GPUDirect RDMA Setup and Verification on Kubernetes

💡 Quick Answer: GPUDirect RDMA allows the NIC to read/write GPU memory directly without CPU involvement, reducing latency by ~50% and increasing bandwidth by 30-50% for inter-node GPU communication.
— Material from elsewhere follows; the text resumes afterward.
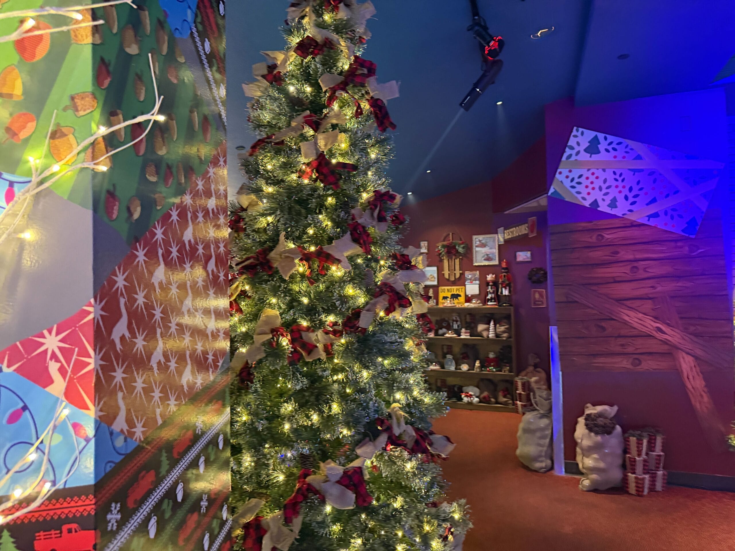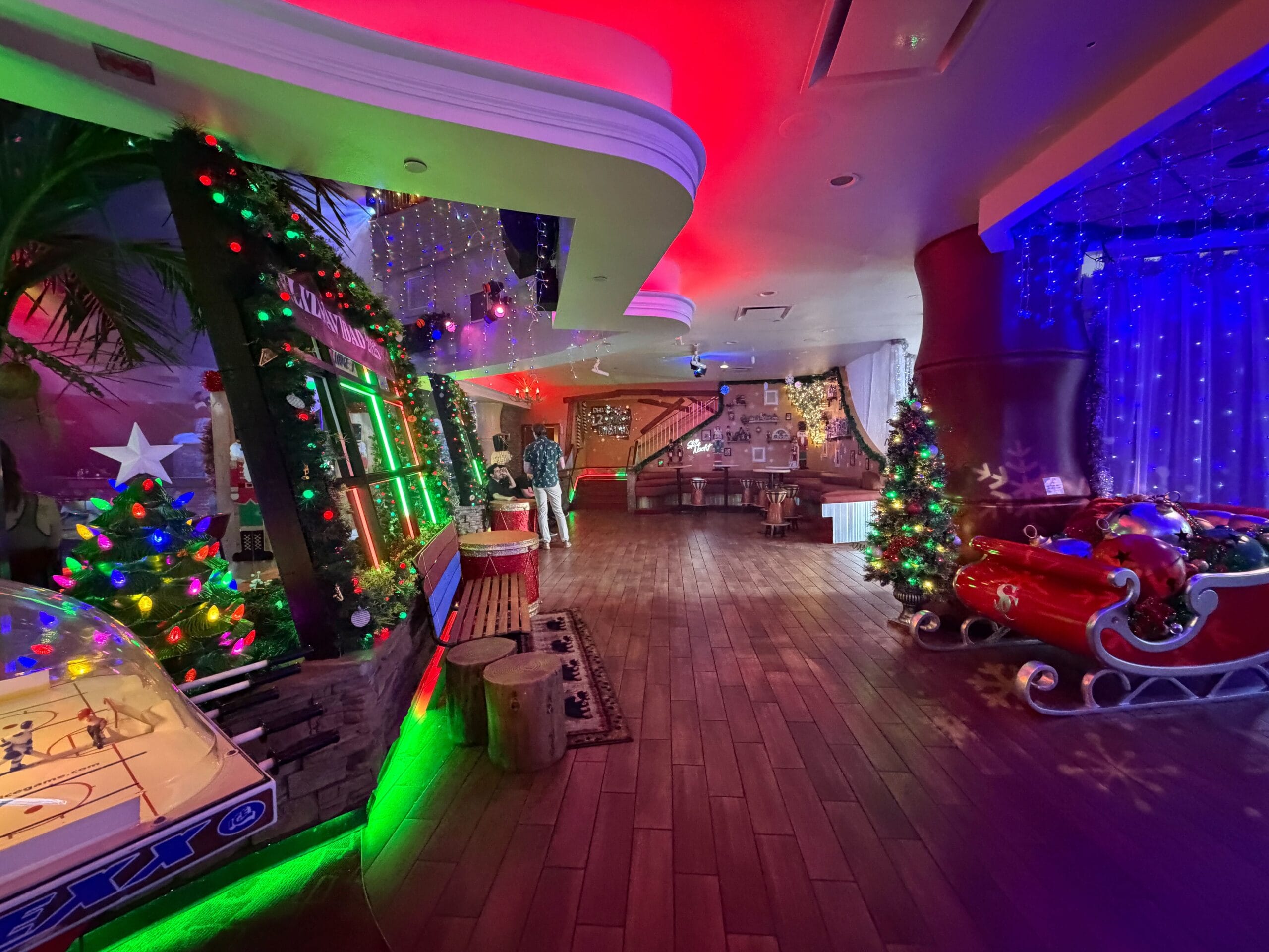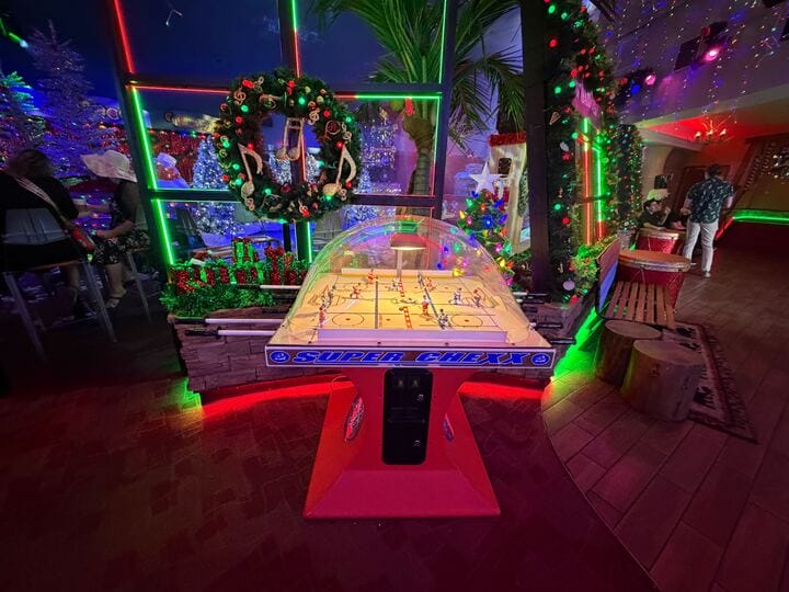 There’s a Super Chexx ice hockey machine available for guests to play alongside other holiday decor, including a sleigh pull of presents.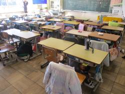 まずは、地震から身を守る訓練です。教室で、地震や火災時の行動について学習をし、地震発生時の動きを確認しました。

Enable with: modprobe nvidia-peermem, verify with cat /sys/module/nvidia_peermem/version, and confirm in NCCL logs by checking for /GDRDMA suffix on NET/IB channels.

The Problem

Inter-node GPU communication routes data GPU → CPU memory → NIC (two extra copies)
Without GDRDMA, NCCL falls back to host staging — wastes PCIe bandwidth and adds latency
Need to verify GPUDirect RDMA is actually active (not just configured)
nvidia-peermem module may not load automatically after driver install
DMA-BUF kernel support required but may be missing on older kernels

The Solution

Enable nvidia-peermem

# Load the nvidia-peermem kernel module
modprobe nvidia-peermem

# Verify loaded
lsmod | grep nvidia_peermem
# nvidia_peermem    16384  0

# Check version
cat /sys/module/nvidia_peermem/version
# 2.0

# Make persistent across reboots
echo "nvidia-peermem" >> /etc/modules-load.d/nvidia-peermem.conf

Verify DMA-BUF Support

# DMA-BUF is required for modern GPUDirect RDMA (kernel 5.12+)
# Check kernel support
grep CONFIG_DMA_SHARED_BUFFER /boot/config-$(uname -r)
# CONFIG_DMA_SHARED_BUFFER=y

# Verify NVIDIA driver exposes DMA-BUF per GPU
ls /sys/bus/pci/devices/0000:*/dma_buf_supported 2>/dev/null
# If exists, DMA-BUF is available

# In NCCL logs, look for:
# NCCL INFO DMA-BUF is available on GPU device 0
# NCCL INFO DMA-BUF is available on GPU device 1
# ... (must appear for EACH GPU)

GPU Operator Configuration for GDRDMA

# ClusterPolicy with GPUDirect RDMA enabled
apiVersion: nvidia.com/v1
kind: ClusterPolicy
metadata:
  name: cluster-policy
spec:
  operator:
    defaultRuntime: containerd
  driver:
    enabled: true
    rdma:
      enabled: true        # Loads nvidia-peermem automatically
      useHostMofed: true   # Use host-installed MLNX_OFED
  devicePlugin:
    enabled: true
  gfd:
    enabled: true

OpenShift MachineConfig for nvidia-peermem

apiVersion: machineconfiguration.openshift.io/v1
kind: MachineConfig
metadata:
  name: 99-nvidia-peermem
  labels:
    machineconfiguration.openshift.io/role: gpu-worker
spec:
  config:
    ignition:
      version: 3.4.0
    storage:
      files:
        - path: /etc/modules-load.d/nvidia-peermem.conf
          mode: 0644
          contents:
            source: data:,nvidia-peermem

Verify GDRDMA in NCCL

# Run with NCCL_DEBUG=INFO
export NCCL_DEBUG=INFO
export NCCL_NET_GDR_LEVEL=5    # Use GDRDMA at all topology distances

# In output, look for:
# ✅ GOOD — GDRDMA active:
# NCCL INFO Channel 00/0 : 0[0] -> 8[0] [send] via NET/IB/0/GDRDMA

# ❌ BAD — GDRDMA not active:
# NCCL INFO Channel 00/0 : 0[0] -> 8[0] [send] via NET/IB/0
# (no /GDRDMA suffix = data stages through CPU memory)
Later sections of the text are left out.